Unsigned types are currently encoded as signed types. The case that could cause issues is LDMS_V_U64 which when encoded as AVRO_LONG will result in a negative number. One way to deal with this is to encode these as AVRO_BYTES[8] and let the consumer perform the appropriate cast. This, however, seems identical to simply encoding it as a signed long and allow the consumer to cast the signed long to an unsigned long.

Schema Registration

The Avro schema are generated from the row instances presented to the commit() storage strategy routine. The schema_name that is contained in the row instance is used to search for a serdes schema.
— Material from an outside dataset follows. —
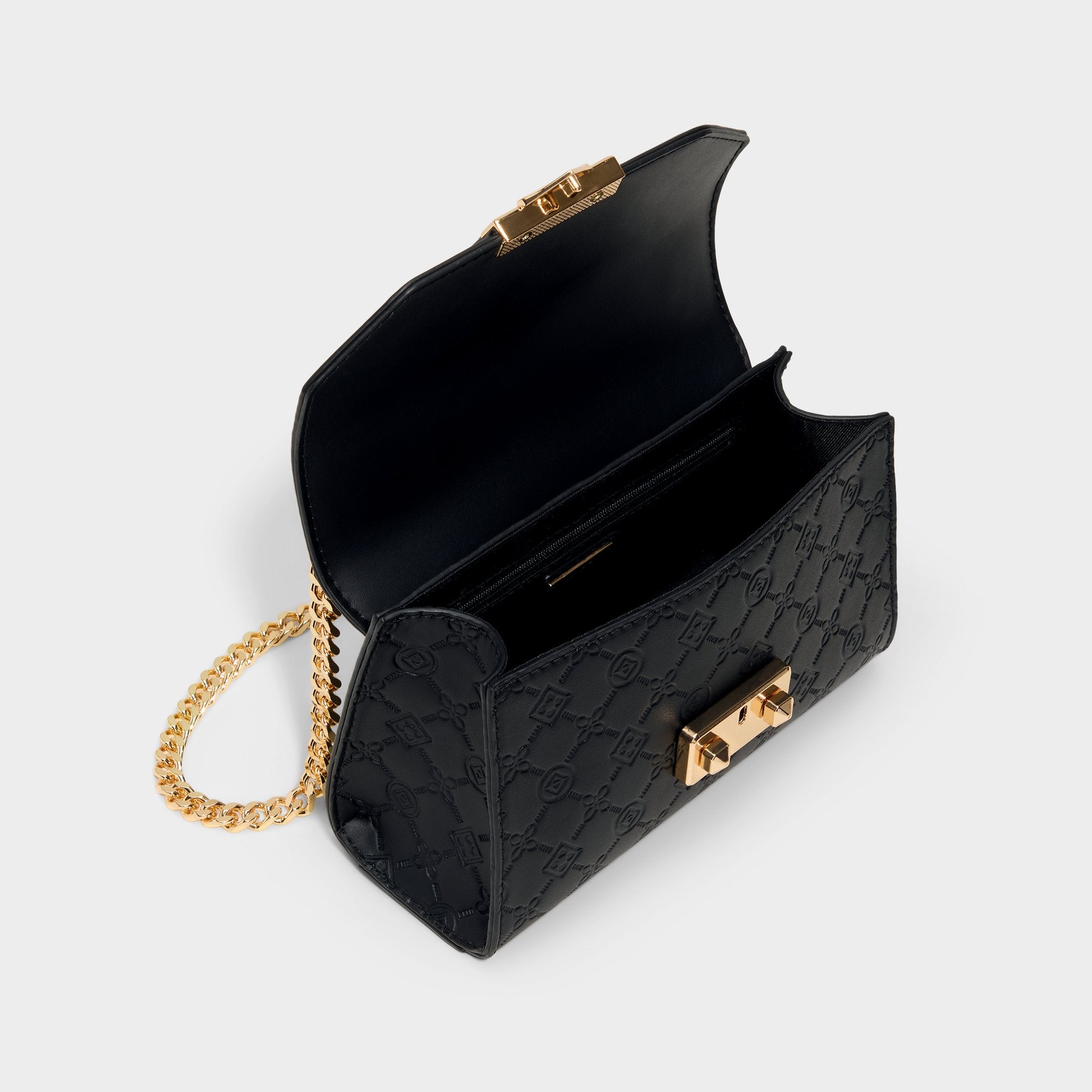 Midnight-black quilted synthetic?leather frames a geometric flap crowned by a bold gold push-lock, giving this structured crossbody city-polish with a whisper of glam that travels from desk to dinner. Carry it with a satin slip for rooftop dinners, or sling it over blazer-and-jeans for city coffee runs.

This name is first searched for in a local RBT and if not found, the Avro Schema Registry is consulted. If the schema is not present in the registry, a new Avro schema is constructed per the table above, registered with the schema registry and stored in the local cache.

Encoding

After the schema is located, constructed, and or registered for the row, the schema in conjunction with libserdes is used to binary encode the Avro values for each column in the row. Once encoded, the message is submitted to Kafka.

Client Side Decoding

Consumers of topics encoded with libserdes will need to perform the above procedure in reverse. The message received via Kafka will have the schema-id present in the message header. The client will use this schema-id to query the Schema registry for a schema. Once found, the client will construct a serdes from the schema definition and use this serdes to decode the message into Avro values.

EXAMPLES

kafka_conf Example File

# Lines beginning with '#' are considered comments.
# Comments and blank lines are ignored.

# Specify the location of the Kafka broker
bootstrap.server=localhost:9092

serdes_conf Example File

# Specify the location of the Avro Schema registry. This can be overridden
# on the strgp_add line with the "container" strgp_add option if it is
# set to anything other than an empty string
serdes.schema.url=https://localhost:9092

Example strg_add command

strgp_add name=aks plugin=avro_kafka_store container=kafka-broker.int:9092 decomposition=aks-decomp.conf
strgp_start name=aks

Example plugin configuration

config name=avro_kafka_store encoding=avro kafka_conf=/etc/kakfa.conf serdes_conf=/etc/serdes.conf topic=ldms.%S
strgp_start name=aks

NOTES

This man page is a work in progress.

SEE ALSO

ldmsd(8), ldmsd_controller(8), ldmsd_decomposition(7), ldms_quickstart(7)